The more significant risk to rental supply comes over time, if fewer investors purchase established properties and the stock of rental housing gradually shifts. This effect would be most pronounced in inner-city markets with high proportions of investor-owned stock.

CBA’s updated housing price forecast now expects dwelling price growth of around 3% to December 2026, down from a prior estimate of 5% — a meaningful moderation, but not a crash.

The dominant effect is the removal of negative gearing. The CGT change reinforces the shift by reducing the tax advantage attached to strong nominal capital gains. The combined effect should lower established dwelling prices relative to the previous baseline, modestly increase rental pressure over time, reduce turnover, and provide some relative support for new construction.

— Commonwealth Bank, 2026 Budget Housing Outlook

What To Do Now: Practical Steps

For existing landlords (properties held before 12 May 2026)
Confirm you have documentation of the original contract date — this is your proof of grandfathering.
Review your loan structure — if you currently use interest-only loans specifically to maximise negative gearing deductions, discuss with your accountant whether this strategy remains optimal if you ever sell and rebuy.
No immediate action needed on tax filings — the new rules begin 1 July 2027, and only apply to properties acquired after the Budget night cut-off.
Seek advice before selling — if you are considering selling your grandfathered property, understand that once you sell and rebuy, the new rules apply to the replacement property.
For landlords considering new purchases
Model your numbers under the new rules — specifically, can your investment stack up if rental losses can only offset future rental income or capital gains, not your salary?
Evaluate new builds seriously — the full suite of tax benefits remains available for qualifying new constructions. Run a comparison with your accountant.
Check whether SMSF structures are relevant to your situation — super funds retain their existing CGT treatment and appear exempt from the negative gearing changes.
Get professional tax advice — these changes are complex and highly individual. Do not rely on general information alone, including this article.
Track the legislation carefully — these are announced changes, not yet law. While grandfathering has been confirmed, the precise details of “new build” definitions may be refined as the legislation is drafted.

APOA’s View

APOA is a community of real landlords — not a lobby group for property developers, and not an advocacy arm for tenant groups. Our role is to help members understand what is happening, think clearly about the implications, and make informed decisions.

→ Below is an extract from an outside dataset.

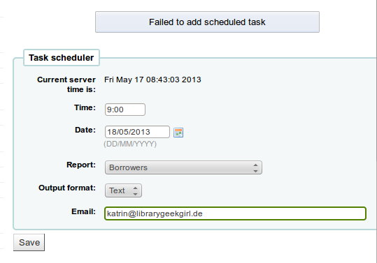(In reply to Nicholas van Oudtshoorn from comment #38) > Hopefully this is the right bug to write about this in. Just noticed that > runreport.pl (which I'm calling manually from a cron job), whilst allowing > for a format of html, doesn't set the "Content-Type" on such emails to > "text/html". > I am not sure about that, Nicholas. This bug is about scheduling running reports, not about mailing in html format. If you can't find a more specific bug, please open a new report for it. And your patch is welcome too. Preferably as formatted by git. (Look for instructions on using git-bz; that will make it easier for you.) Thanks. Sorry about the noise. Have created the new bug report (10777), and will upload patch there shortly! (In reply to Nicholas van Oudtshoorn from comment #40) > Sorry about the noise. Have created the new bug report (10777), and will > upload patch there shortly! Thx (In reply to Nicholas van Oudtshoorn from comment #40) > Sorry about the noise. Have created the new bug report (10777), and will > upload patch there shortly! A patch more than makes up for it, people can make as much noise as they want, if they also send patches ;) Dear Sophie, I have made changes in the koha files according to the patch you had attached in this thread. But emails are still not generating and recipient does not receive any emails. I have also checked the at.allow and at.deny file. my at.deny file is empty that , according to my understanding , means all the users have the permissions to run task scheduler. Kindly help me with the solution ,as i am stuck on this from last few days. When i schedule a task using task scheduler. It showed me the following command under the action tab. export KOHA_CONF="/etc/koha/koha-conf.xml"; /usr/share/koha/intranet/cgi-bin/misc/cronjobs/runreport.pl --format csv --to ghulam.sarwar@techlogix.com 6 Looking forward to your reply. (In reply to Sophie MEYNIEUX from comment #11) > Test plan (as illustrated by Chris screenshots) > - Tools > Task scheduler > or > Reports > Use saved > Schedule (on the line of the report you want tu run) > - Select time, date, report to run (if not already chosen), output format, > mail to send the result. > - Click on Save > > Scheduled report is added to the table of existing scheduled reports under > the form. > > Without the patch, after planned time, if you refresh the page, scheduled > report is not displaied anymore, but report is not run and no mail is sent. > > With the patch, after planned time, recipient receive a mail containing the > result of the report in plain text or attached as csv file dépending of > choosen option. I got it to work by changing the command definition in tools/scheduler.pl
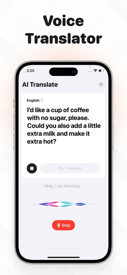 Translate AI делает глобальное общение простым и доступным. Путешествуете ли вы, учитесь, работаете с международными коллегами или общаетесь с друзьями, Translate AI поможет вам говорить и понимать более чем на 200 языках с естественными и точными результатами.

On the policy merits, reasonable people disagree. There is a genuine argument that the existing negative gearing and CGT discount combination contributed to price inflation in established markets, and that rebalancing incentives toward new supply makes sense. There is also a genuine argument that reducing investor returns on established properties will gradually shrink the private rental supply, putting upward pressure on rents for ordinary tenants over time — a concern shared by CPA Australia and other professional bodies.

What is clear is this: the changes are real, the cut-off date has already passed, and the rules will take effect from 1 July 2027. For existing property owners, the position is straightforward — you are grandfathered and nothing changes until you sell. For anyone considering a new purchase, careful modelling and professional advice are essential.

We will continue to track this legislation as it progresses through Parliament and update the community with any material changes to the detail.

Disclaimer: This article is prepared by the APOA Policy Team for general informational purposes only. It does not constitute legal, financial, or tax advice. Individual circumstances vary significantly — always consult a qualified and registered tax agent, accountant, or financial adviser before making investment decisions. Tax laws are subject to change; verify all information with official ATO or Treasury sources. APOA is not liable for any decisions made based on this content.